Filed under: General,New Zealand — wm @ 7:39 am

It is autumn here (they don’t seem to use the word “fall” to describe a season) and the days are getting shorter, but it is still nice weather for hiking (which they call “tramping”). So we went out for a quick tramp in the Karori Wildlife Sanctuary. I’ve blogged about this place extensively, they have a 500 year plan for putting it back to the way it was before humans arrived, including a big fence around it to keep introduced species out. We did a longer hike in it than we have done before. The sanctuary used to be the water supply for Wellington, before they discovered that a major faultline went right through it. From the entrance (where you check your bags to make sure you aren’t bringing in any mice or other pests) it is a 20 minute walk up to the old dam. We had never gone beyond that before, but we took off, walking the trail along the faultline, which is now a lovely streambed.

The sanctuary is full of birds, and they are not shy in the least. We got a good long, close look at a Tui bird, a large black bird with white tufts on its throat. The Tui is a great mimic, making the most amazing noises. Everything from whistles to grunts, squacks, and beeps. We watched for about 5 minutes while one, just a few feet above our heads, did a singing performance.

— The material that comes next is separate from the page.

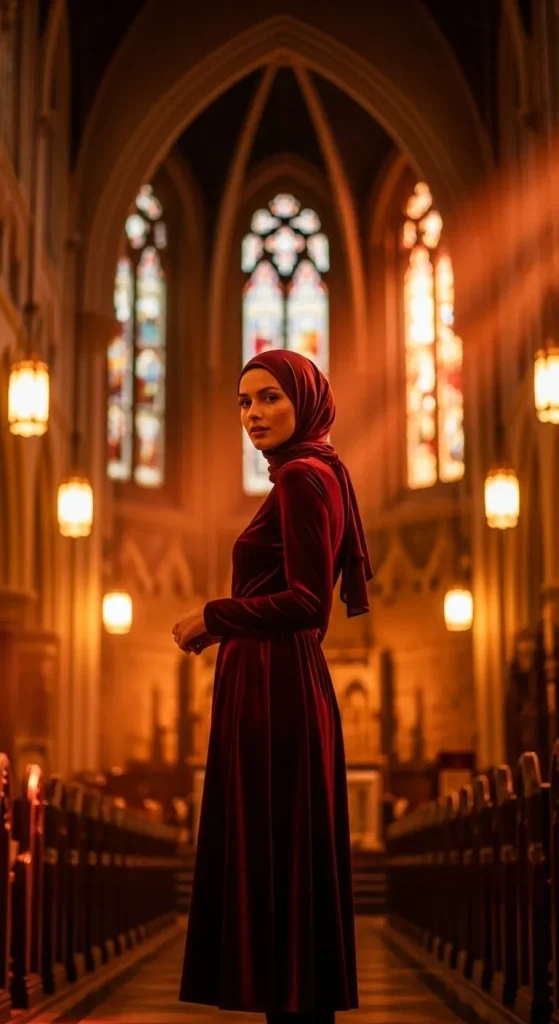 Choose a midi dress in a calm colour like navy, burgundy, or forest green. Add a soft cardigan for warmth and coverage. Keep jewellery simple—small hoops or a thin bracelet work well. If you want extra polish, tie your hair in a low bun. For a budget-friendly option, layer a cardigan you already own and pair it with a dress you’ve worn before. Switch shoes to closed-toe flats for comfort during longer services. This combo always looks calm, modest, and ready for holiday gatherings.

We then turned uphill, walking all the way up to the fence that surrounds the sanctuary. Just outside the fence is a wind turbine, which supplies some of the power for Wellington. There is only one here, but a few weeks ago we drove through an area that has hundreds of wind turbines. This area of NZ is smack dab in the middle of the “Roaring 40’s” — a latitude where there are strong winds circling the globe. There are no major land masses in the seas just north of Antartica, so there is nothing to slow them down. As I type this, the wind is howling — they don’t call it “Windy Wellington” for nothing.

While we were tramping up the hill through a forest, a small gray robin was following us. Everytime we would pause along the trail, he would be just a few feet away from us, just as curious about us as we were about him. Robins here are much different than those in the US, slightly smaller and very cute. We also saw a few Fantails, which are the most amazing fliers, doing acrobatics in midair, and flying right through dense patches of tree branches, narrowly missing each branch as if it were the most fun thing to do imaginable.

The other amazing thing we saw during this hike were hundreds of mushrooms. Huge red mushrooms of all kinds of sizes.

To see more photos from the hike, or larger versions of the above photos, click here.


  1. hi, i have been reading through your blog because i am considering spending some time in NZ (for reasons similar to yours, apparently). thanks for writing this–it has given me a lot of useful fodder for projecting myself to NZ in my mind prior to actually taking the plunge (as well as a lot of good practical info too).

    do you know that these and all the mushroom photos in your gallery from this hike are amanita muscaria? this is possibly the most famous and one of the most potent hallucinogenic mushrooms in the world. here is a link to a little bit of info about it:

    you can get a lot more by googling “amanita muscaria”.

    Comment by paul — 21 Aug 2005 @ 7:40 am

  2. Thanks Paul, I had no idea about those mushrooms!